Healer Highlight: The Indigenous Wisdom of the Curandera Tradition

Felicia’s story

Felicia Cocotzin Ruiz has been steeped in the curanderismo tradition since her childhood. Now, her work as a Kitchen Curandera and author of upcoming book Earth Medicines carries on the tradition of her elders and ancestors.

Ruiz defines curanderas as traditional healers who carry knowledge of foods, herbs, and cultural remedies for working with the body, mind, and spirit.

Growing up in Arizona and frequently visiting family in Northern New Mexico, she watched her great-grandmother making healing preparations for the family and the wider community.

“My great-grandmother was my first teacher in that she was the one who took me out to first wildcraft as a little girl, helping me to understand that the plants in our landscape were healing plants for our skin, our hair, our respiratory system,” she says.

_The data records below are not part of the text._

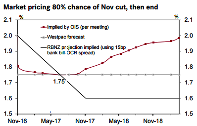 The markets betting odds for a November OCR cut has been very unwavering during in the recent past at probabilities slightly more than 80%. However, the market now reckons any further easing beyond Nov as a zero chance and is now instead pricing in some chance of tightening during the year ahead (see above chart).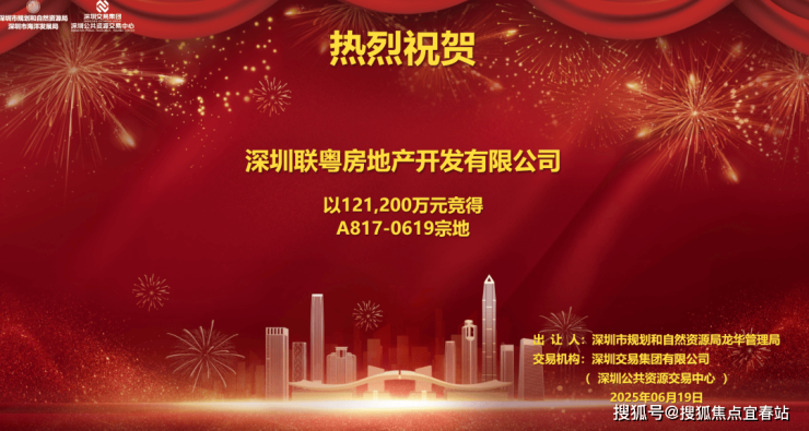 该地块是深圳2025年经过30分钟65轮竞争,最终联发地产以12.12亿元斩获龙华A817-0619宗地,溢价46.6%。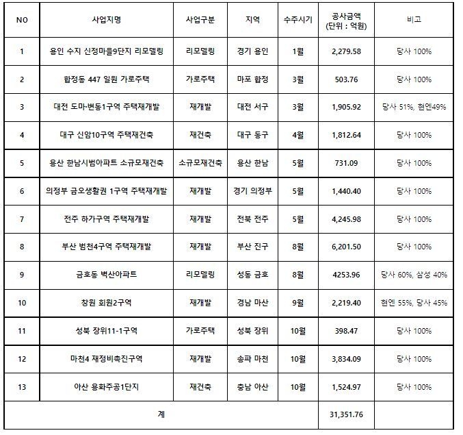 현대건설은 올해 용인 수지 신정마을9단지 리모델링 사업 단독 수주를 시작으로 ▲마포구 합정동 447 일원 가로주택, ▲대전 도마·변동1구역 재개발, ▲대구 신암10재정비촉진구역 재건축, ▲용산구 한남시범아파트 소규모재건축, ▲의정부 금오생활권1구역 재개발, ▲전주 하가구역 재개발, ▲부산 범천4구역 재개발, ▲성동구 금호동 벽산아파트 리모델링, ▲창원 회원2구역 재개발, ▲성북구 장위11-1구역 가로주택, ▲송파구 마천4재정비촉진구역 재개발, ▲아산 용화주공1단지 재건축 등 총 13개 사업지의 시공권을 획득하며 3조 1,352억원의 수주고를 기록하고 있다.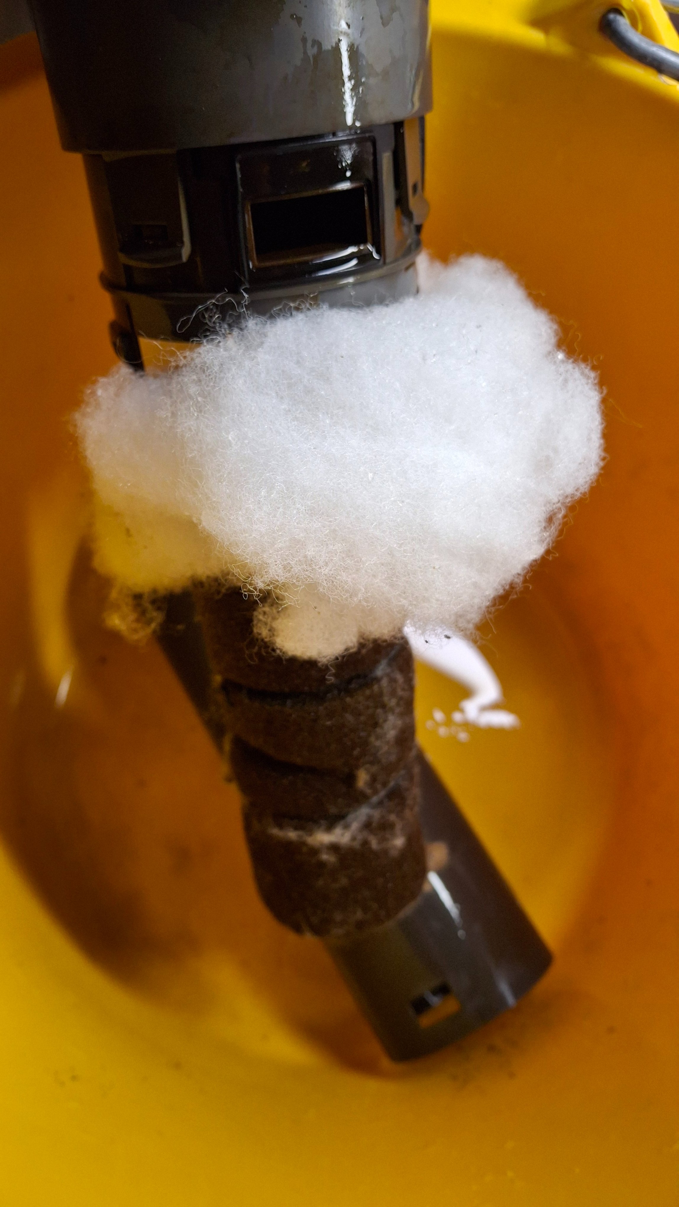 Dan in het filterhuis werken en opletten dat het schuim onderin niet van de buis af valt.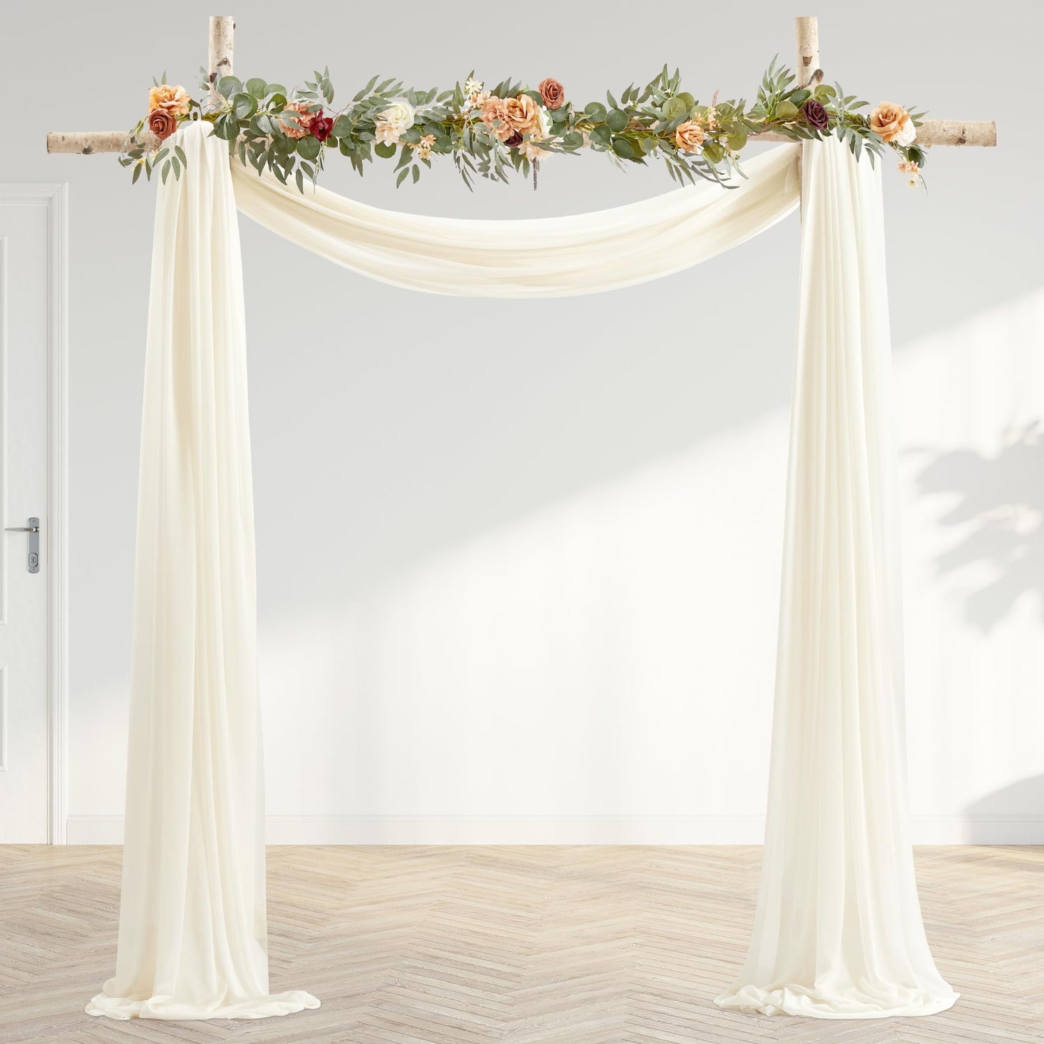 - Wedding Arch Draping Fabric Package: Package including 1 panel ivory wedding arch drapes, each panel is 30" wide and 20ft long.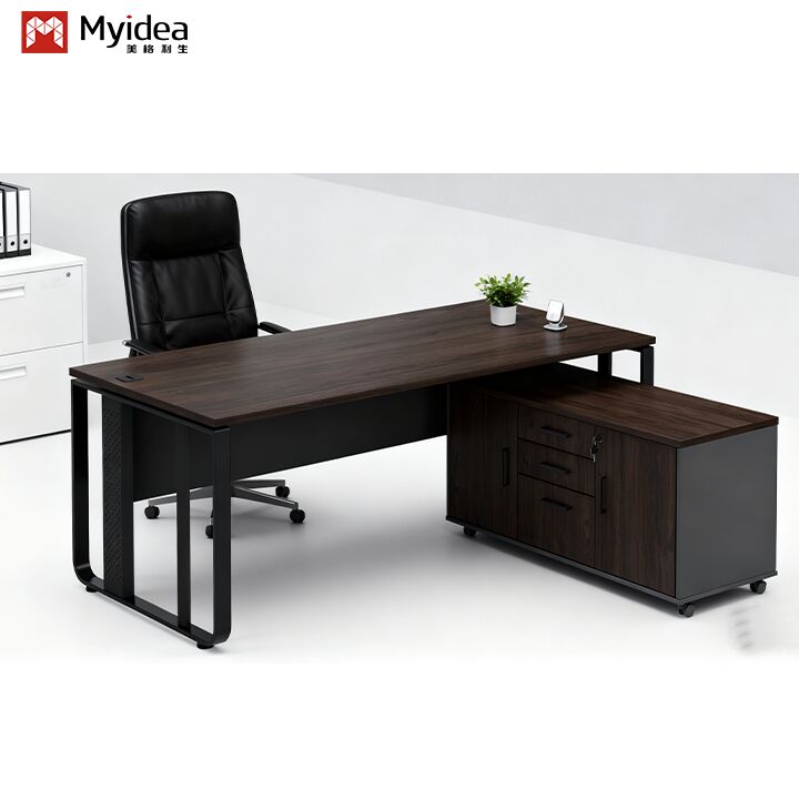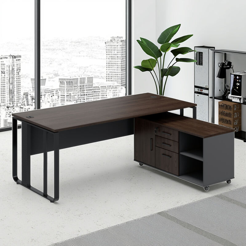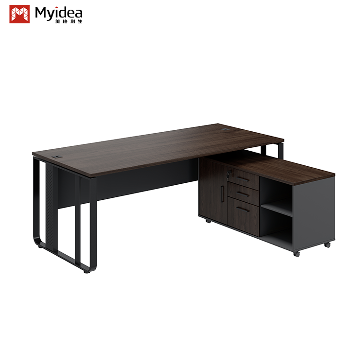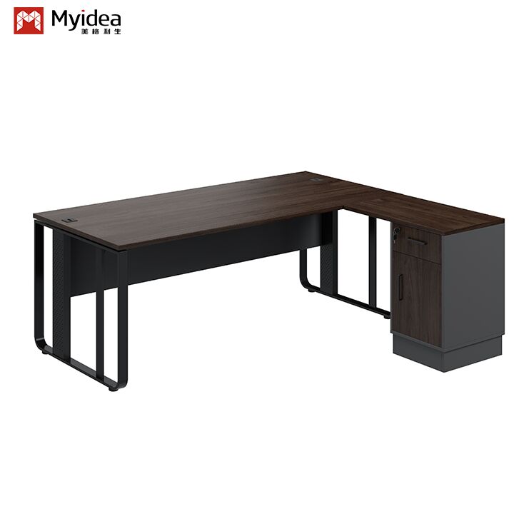 Meja Eksekutif Bos Mewah Kontemporer dengan Desain Kaki Baja dan Sub-kabinet Penyimpanan untuk Bangunan Kantor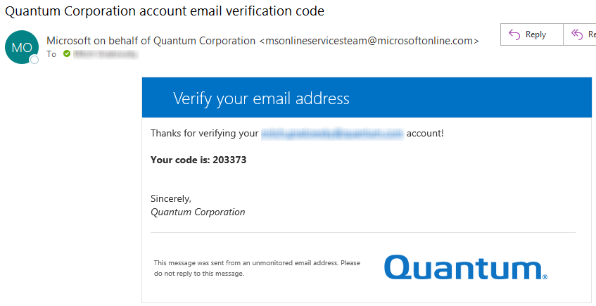 You will receive an email containing your verification code. Your registration screen changes to let you know the code has been sent and to enter it.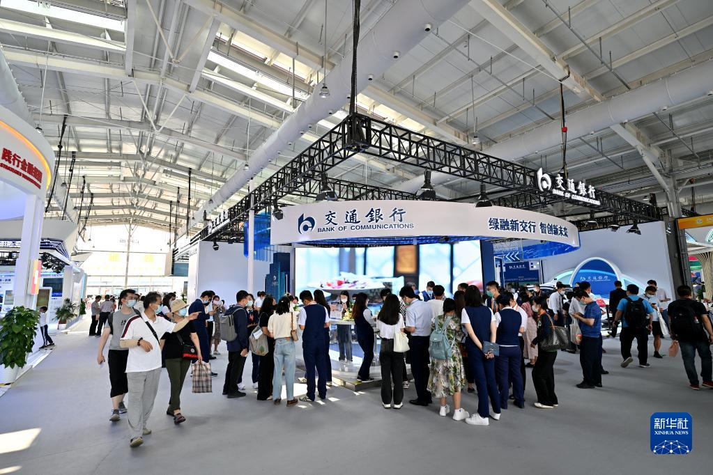 9月4日,在服貿會首鋼園區金融服務專題展交通銀行展臺,觀眾們咨詢和辦理業務。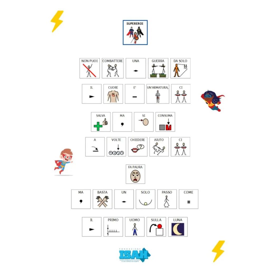 La canzone “Supereroi” di Mr. Rain in versione Comunicazione Aumentativa Alternativa per chi ha difficoltà nella comunicazione linguistica. È questa l’iniziativa del Centro Isah di Imperia per rendere più accessibile il brano arrivato terzo alla 73esima edizione del Festival di Sanremo, terminata pochi giorni fa.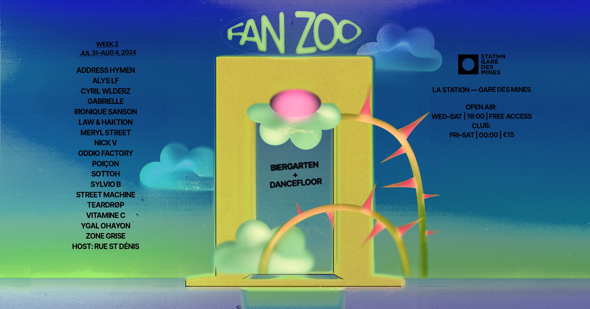 From July 24 to August 10, during the Olympic Games, La Station - Gare des Mines will not be a fan zone, but a fan zoo, bringing together a colourful and festive crowd of night owls and diurnal animals 4 days a week, from dusk till dawn, between open air and indoor dancefloor.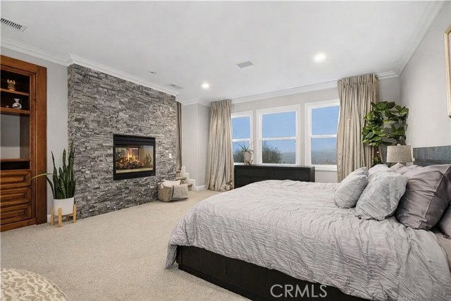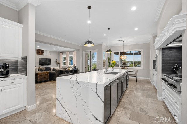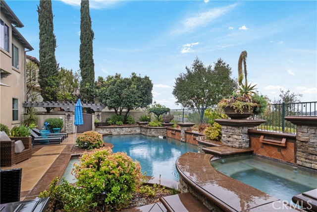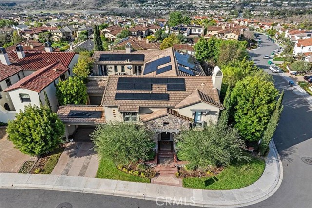 Nestled in the finest location within the prestigious, guard-gated community of Coto de Caza—Orange County’s premier enclave of luxury estates, rolling hills, privacy, and world-class amenities—this exquisite, turnkey residence offers unparalleled sophistication and effortless living. Spanning over 6,000 square feet on a generous 12,000+ square foot lot along a serene single-loaded street, this home commands breathtaking panoramic views: dramatic sunrises from the front and amazing sunsets over the private backyard. High ceilings and abundant natural light flood the open, flowing interiors, where an executive office impresses with custom built-ins perfect for productivity or quiet reflection. The heart of the home is the recently updated chef’s kitchen, featuring a striking quartz island, decorator backsplash, expansive walk-in pantry, and a butler’s pantry equipped with new ice maker and wine refrigerator—seamlessly adjoining a comfortable family room that gazes out to the resort-style backyard. Step outside to your private paradise: a sparkling pool and spa with cascading waterfall features, an outdoor kitchen, a cozy living area, and a fireplace create the ultimate year-round retreat for entertaining or unwinding under the stars. Smart home technology integrates throughout for effortless control, while energy efficiency shines with a fully owned Tesla solar system paired with three Powerwalls, delivering significant monthly credits and sustainable luxury. Upstairs, the grand primary suite is a true sanctuary, boasting a stone fireplace, private retreat, and serene views. Three additional secondary bedrooms encircle a versatile bonus room complete with built-ins, ample storage, and a balcony capturing those sweeping vistas. Downstairs, a generously appointed bedroom with a tastefully renovated en-suite bath offers ideal guest or multigenerational accommodations. This rare offering combines timeless elegance, modern conveniences, and an enviable lifestyle in one of Southern California’s most sought-after communities. Don’t miss the opportunity to experience this exceptional property—schedule your private tour today and discover why discerning buyers choose Coto de Caza for extraordinary living.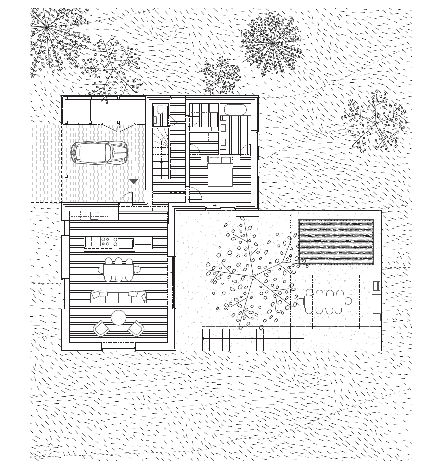 Többszöri nekifutás után sem állt azonban össze ez a program, amire válaszul a tervező a sarkuknál összekapcsolódó két négyzetes alaprajzú, magastetős tömeg kompozícióját dolgozta ki. Így az előrébb tolt, a szintvonalakra merőleges, nyitott födémű, nagy belső légterű nappali-étkező-konyha egységre merőlegesen érkezik be a földszinti szülői hálót, emeleti gyerekszobákat magába foglaló második tömeg, amelyek között a kapcsolatot a keskeny lépcsősor és a hálószoba-szárny fafödémszerkezetének kifutása teremti meg. Ez a sarkos kapcsolat ráadásul lehetőséget teremtett arra, hogy az épületkontúrba integrált, mégis nyitott kocsibeálló felé is kifusson a tetősík.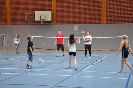 Am 16.7.2014 fand ein Turnier im Badminton (Doppel), Modus „JEDER GEGEN JEDEN“ statt. Kurzfristige organisatorische Veränderungen hatten zur Folge, dass ausschließlich Badminton gespielt wurde und nicht auch noch Tischtennis. Doch diese Änderung brachte die Wettkampfleitung nicht ins Trudeln. Kurzerhand wurde umdisponiert und ein Mixed-Turnier gespielt. Die 7a spielte in 8 und die 7b in 10 Doppeln gegeneinander.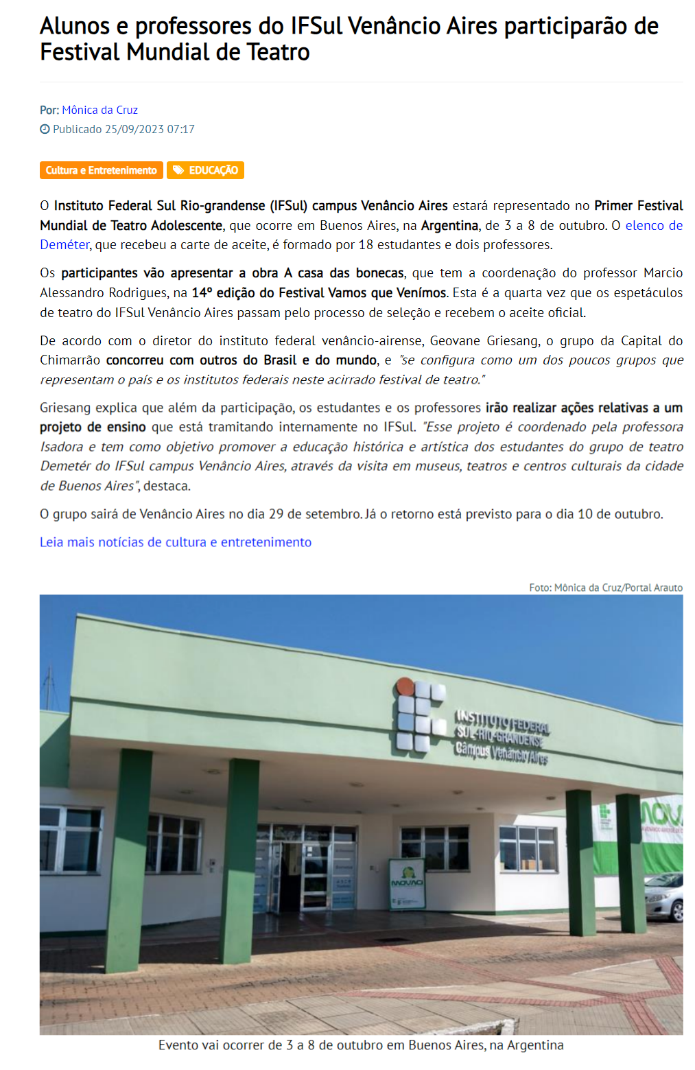 Portal Arauto - Alunos e professores do IFSul Venâncio Aires participarão de Festival Mundial de Teatro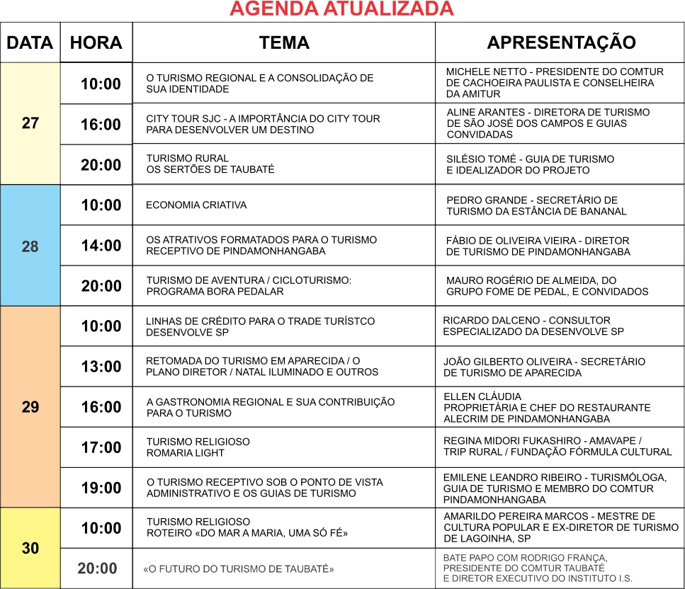 ATENÇÃO: A CONVERSA COM O DIRETOR DE TURISMO DE PINDAMONHANGABA FOI ANTECIPADA PARA AS 14h DO DIA 27 DE SETEMBRO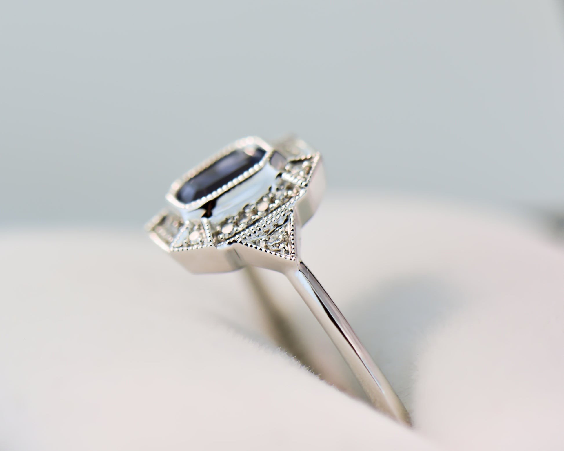 Details: Vintage-style engagement ring in 14k white gold, featuring a bezel set 0.42ct emerald-cut blue sapphire (heat-treated, Sri Lanka) and 0.08ct diamond accents (SI, GH).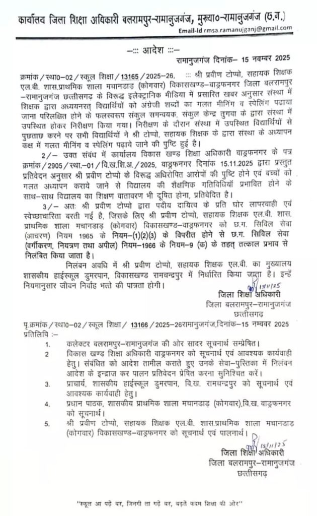 जानकारी के मुताबिक टीचर का नाम प्रवीण टोप्पो है, जो कोगवार प्राइमरी स्कूल में सहायक शिक्षक एलबी के पद पर पोस्टेड हैं.ये सिर्फ तीन गलत शब्द नहीं हैं। ये उन बच्चों की नींव में पड़ी तीन बड़ी दरारें हैं, जिन पर उनका पूरा भविष्य खड़ा होना है। इस वीडियो के वायरल होते ही प्रशासन हरकत में आया। DEO ने शिक्षक प्रवीण टोप्पो को नोटिस जारी कर निलंबित कर दिया है। लेकिन सवाल सिर्फ कार्रवाई का नहीं। इन मासूमों का हक सिर्फ स्कूल नहीं। सही शिक्षा है।

This wasn’t knowledge from books or formal schooling, but the wisdom passed down through generations in her blended family of Spanish, Mexican, and Pueblo heritage.

“My curiosity for plants has been my entire life, for plants and food and natural healing ways. I’ve always been just enamored by plants in general,” she says.

Ruiz started her own journey of healing work in her early 20s. For her, this was as much the beginning of her education as it was a journey backward into her lineage, ancestry, and roots. Before any formal training took place, Ruiz began by talking with elders in her community.

With the death of her brother, Ruiz took the leap into following the healing path.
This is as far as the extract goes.